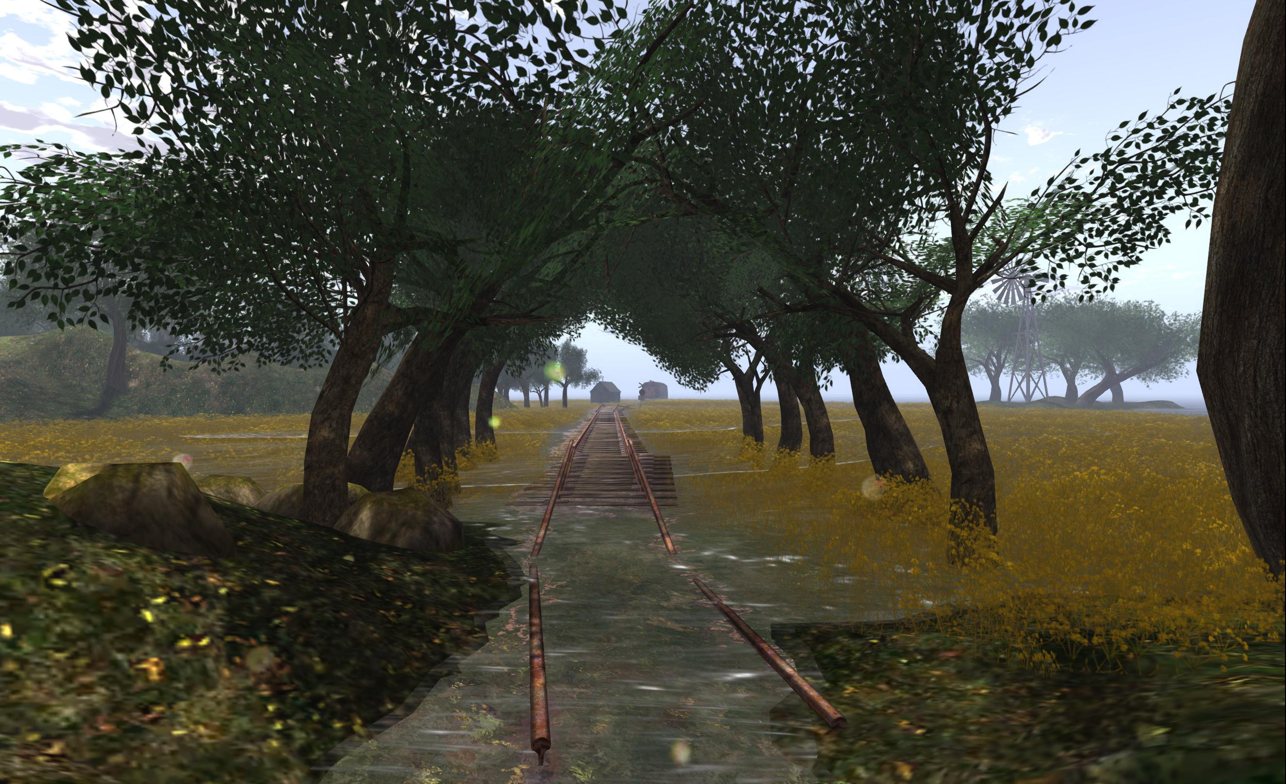 Well, now spring has arrived, and with it Cours has had something of a redesign which again demonstrates Vitamingirl’s creativity. The store now sits at the top of a hill and is reached by stone steps leading up from the arrival point. Heading off across a watery landscape is an old, broken railway track, inviting you to explore the region.
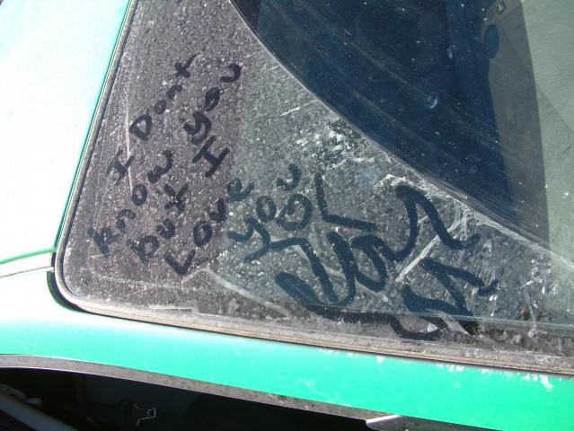 Then a few days later i find "I wish my boyfriend was this dirty" written on the back windshield:
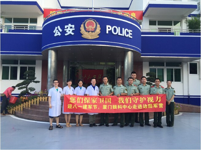 為迎接中國人民解放軍建軍88周年,秉著每年建軍節(jié)為官兵眼體檢的傳統(tǒng),7月30日下午,廈門眼科中心眼表與角膜病專家一行7人專程到思明區(qū)曾厝垵邊防所,開展健康咨詢、義診活動(dòng),并為邊防官兵贈(zèng)送了眼藥水。
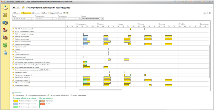 • Графики работы – каждый рабочий центр доступен в соответствии со своим графиком работы;
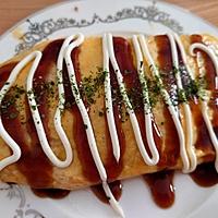 - 7 両端を折りたたみ、返すようにお皿に盛り付けます。お好み焼きソースとマヨネーズをかけ、青のりをかけたら完成です。

■ ■ ■

◆ **YOUR GOAL**
Only the lines from the one containing "為迎接中國人民解放軍建軍88" through the last line of the entries should be transcribed, exactly and with no pictures.

◆ **WRITTEN ANSWER**
 為迎接中國人民解放軍建軍88周年,秉著每年建軍節(jié)為官兵眼體檢的傳統(tǒng),7月30日下午,廈門眼科中心眼表與角膜病專家一行7人專程到思明區(qū)曾厝垵邊防所,開展健康咨詢、義診活動(dòng),并為邊防官兵贈(zèng)送了眼藥水。
 • Графики работы – каждый рабочий центр доступен в соответствии со своим графиком работы;
 - 7 両端を折りたたみ、返すようにお皿に盛り付けます。お好み焼きソースとマヨネーズをかけ、青のりをかけたら完成です。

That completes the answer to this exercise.